Mas não é só. O projeto da nova lei atende também à necessidade da

positivação de matéria no que tange à extensão do poder dos árbitros com relação às

medidas cautelares e de urgência no procedimento arbitral já instituído. Assim o faz ao

prever a inclusão do art. 22-B na Lei nº 9.307/96, de forma a conferir poder discricionário

aos árbitros para manter, modificar ou revogar medidas liminares concedidas pelo Poder

Judiciário a uma das partes da arbitragem, além de prever que, uma vez instituído o juízo

arbitral, tais medidas deverão ser requeridas diretamente aos árbitros14. Dessa forma, o

PL nº 7.108/14 propõe mudanças significativas no tocante ao tema, verificando-se a

extensão do poder de cautela também aos árbitros, e não somente aos juízes togados,

embora o poder de determinar a execução coercitiva das medidas cautelares e de urgência

continue sendo de competência exclusiva do Poder Judiciário.

Entendemos que a reforma nesse sentido é bem vinda e contribui para o

ajustamento da prática arbitral no Brasil com a realidade em que vivemos atualmente.

Nessa esteira, tem-se que, caso o projeto da nova lei seja definitivamente aprovado e a

reforma legislativa promulgada, os poderes dos árbitros estarão melhor delineados, com

uma maior margem de discricionariedade no tocante à disciplina das medidas cautelares

e de urgência no âmbito da arbitragem. Isso sem negar, é claro, o papel essencial do Poder

Judiciário na execução de tais medidas.

Outro ponto relevante em meio à prática da arbitragem é a comunicação

processual feita entre o árbitro ou tribunal arbitral e o Poder Judiciário, agindo em

conjunto para o fim de se garantir uma boa, segura e eficaz sentença arbitral ao fim do

procedimento. Trata-se de tema delicado no direito brasileiro em matéria arbitral.

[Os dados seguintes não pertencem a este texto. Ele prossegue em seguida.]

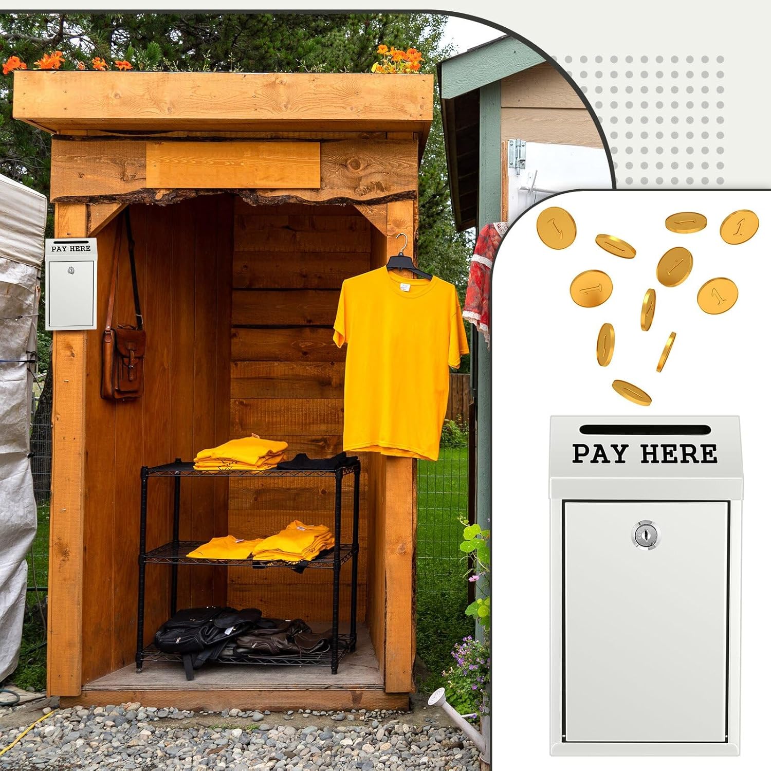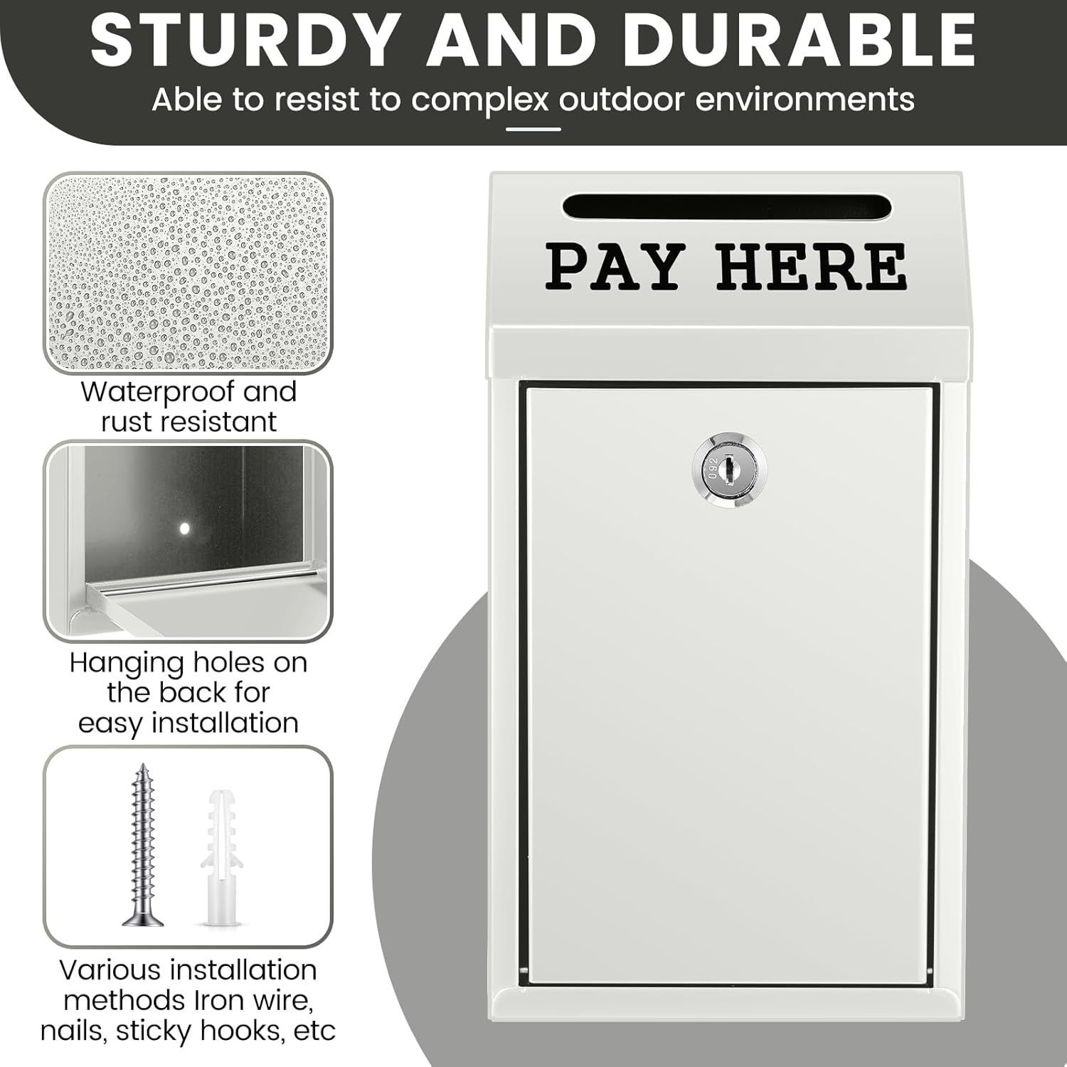 - Wide Application: with clear, rainproof text [Pay Here] printed below the drop hole, our wall safe box can be utilized outdoors in self service stalls, or indoors at shop front desks for storing change and cash among other uses

13 (PL nº 7.108/14) Art. 2º. A Lei nº 9.307, de 1996, passa a vigorar acrescida dos seguintes arts. 22-A e

22-B, compondo um Capítulo IV-A, e do seguinte art. 22-C, compondo um Capítulo IV-B: “Art. 22-A.

Antes de instituída a arbitragem, as partes poderão recorrer ao Poder Judiciário para a concessão de medidas

cautelares ou de urgência. Parágrafo único. Cessa a eficácia da medida cautelar ou de urgência se a parte

interessada não requerer a instituição da arbitragem no prazo de 30 (trinta) dias, contado da data da

efetivação da respectiva decisão.” 14 (PL nº 7.108/14) Art. 2º (...) “Art. 22-B. Instituída a arbitragem, caberá aos árbitros manter, modificar ou

revogar a medida cautelar ou de urgência concedida pelo Poder Judiciário. Parágrafo único. Estando já

instituída a arbitragem, as medidas cautelares ou de urgência serão requeridas diretamente aos árbitros.”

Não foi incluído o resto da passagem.